Baltimore Co. tallies migration loss But birth rate brought net gain in population during 1980s

September 09, 1992|By Frank D. Roylance | Frank D. Roylance,Staff Writer

More Baltimore countians packed up and moved out during the 1980s than moved in, and planners say the search for jobs in the Sun Belt, and affordable houses with yards in neighboring counties were probably the major reasons.

"The notion that we are growing at an enormous rate, that communities are being overrun by development . . . is outdated," said P. David Fields, director of the Baltimore County office of planning and zoning. "To some extent, we're sort of a post-growth manufacturing county," he said.

The migration numbers don't mean the county lost population during the 1980s. "The county's definitely growing," said economist Mark Goldstein, of the state Office of Planning.

For one thing, more than 45,000 people -- largely middle-class blacks -- moved into the county from Baltimore City, nearly offsetting the losses to out-migration.

There also were more births than deaths. That helped push the county's total population from 655,615 to 692,134 during the 1980s.

The net loss due solely to migration for the decade totaled just 1,648 people, a number "insignificant in terms of the total population," Mr. Goldstein said.

But the net out-migration during the 1980s placed Baltimore County -- the state's fourth-largest subdivision -- among just six jurisdictions in Maryland that had more people going than coming. The others were Baltimore City, Prince George's County, and rural Allegany, Dorchester and Washington counties.

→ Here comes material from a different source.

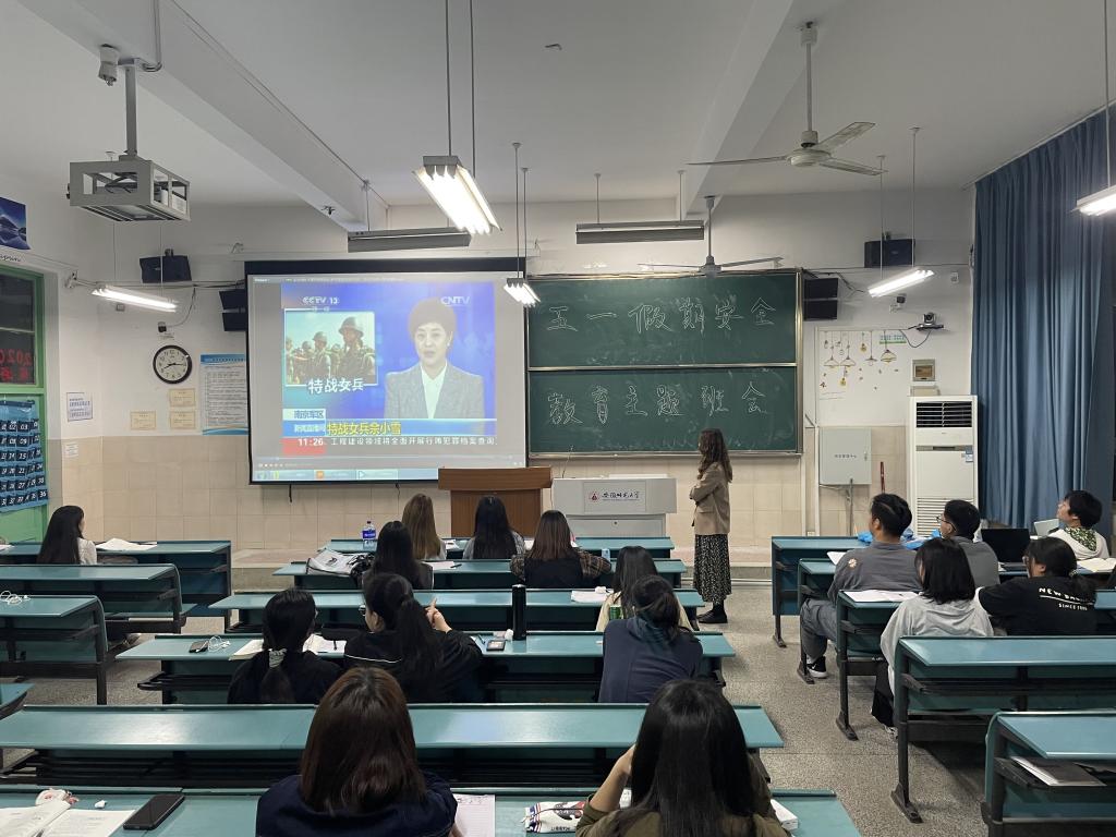 班会一开始,赵佳慧向同学们介绍大学生应征入伍的优惠政策,除家庭按规定享受军属待遇外,还享受优先选拔使用、学费补偿和国家助学贷款代偿、退役后考学升学优惠、就业服务等政策,鼓励同学们积极应征入伍。同时,赵佳慧强调大学生优先征集入伍,学校对入伍的同学保留两年的学籍,对于之后的考研、考公也有一定帮助。班会中途,赵佳慧为同学们放映了两段关于国家入伍士兵的小视频,视频弘扬了参军报国的正能量,让同学们充分了解了大学生入伍的重要意义。班会的最后,赵佳慧还介绍了大学生入伍的流程及相关的注意事项,包括宣传报名、体检政考、定兵入伍等具体的流程。

According to data compiled from federal income tax returns, most counties recorded sizable net gains in migration. The big winners during the 1980s were Montgomery (45,509), Howard (39,752), Carroll (23,695), Harford (18,480) and Frederick (17,803).

This new reality poses many new questions for Baltimore County planners as they work to update the county's Master Plan by 1995. They must figure out where to direct land use, county programs and infrastructure improvements at a time when the old rules appear to be changing.

"The image of the county as being very wealthy and subject to growth pressures is not quite right," Mr. Fields said. "It's terribly complicated. This is a very delicate phase in the development of Baltimore County."

Most of the county's losses to out-migration occurred during the first half of the 1980s, Mr. Goldstein said. There was a smaller net gain in migration during the latter half of the decade.

"If you remember Baltimore County in the early 1980s, the county experienced a large number of layoffs and shutdowns in the manufacturing sector, especially steel and the smokestack industries," he said. "I'm sure that contributed to the outflow from Baltimore County during the first half of the decade."

The Internal Revenue Service data show that the largest number of people (8,185) who left Baltimore County between 1980 and 1985 went to the South, where manufacturing was relatively unscathed by the recession. Older residents who went South to retire also contributed to the movement.

At the same time, about 2,900 people arrived in the county from states in the Northeast and North Central United States, which were hit even harder than Maryland by the recession.

The county also saw net losses of population to all its neighboring counties and to communities in Pennsylvania. But those losses were more than offset by the arrival of 16,629 people moving in from Baltimore City.

Planners believe that migration to the county was led by middle class blacks leaving the city in search of the same things middle class whites sought when they left the city a decade earlier -- single-family homes with yards, better public schools, less crime and more distance from the poor.

"They seem to have the same aspirations and prejudices as white families," Mr. Fields said.

"In the second half of the decade things kind of reversed, and Baltimore County became a net gainer," Mr. Goldstein said. Again, the economy provides an explanation.

"The latter half of the 1980s were very good economically," he said. "There was a lot of job growth in the state and in Baltimore County. Where the growth occurred was mostly in the non-manufacturing sector -- services -- although Baltimore County did benefit from increased defense expenditures characteristic of the Reagan Administration . . . at least until 1988 or 1989."

Net migration from Northeastern states into Baltimore County tripled during the last half of the decade, while the net loss of countians to the South and West fell from about 9,800 to just 2,900.

At the same time, the number of Baltimore County residents packing up and moving to burgeoning developments in Carroll and Harford counties nearly doubled, from 8,900 to more than 17,000.

"It's essentially during the latter half of 1980s that these 'second-tier' suburban counties developed quite rapidly," Mr. Goldstein said, citing building permit data. "Out-migration from Baltimore County was most likely younger families moving out to the outer suburban ring."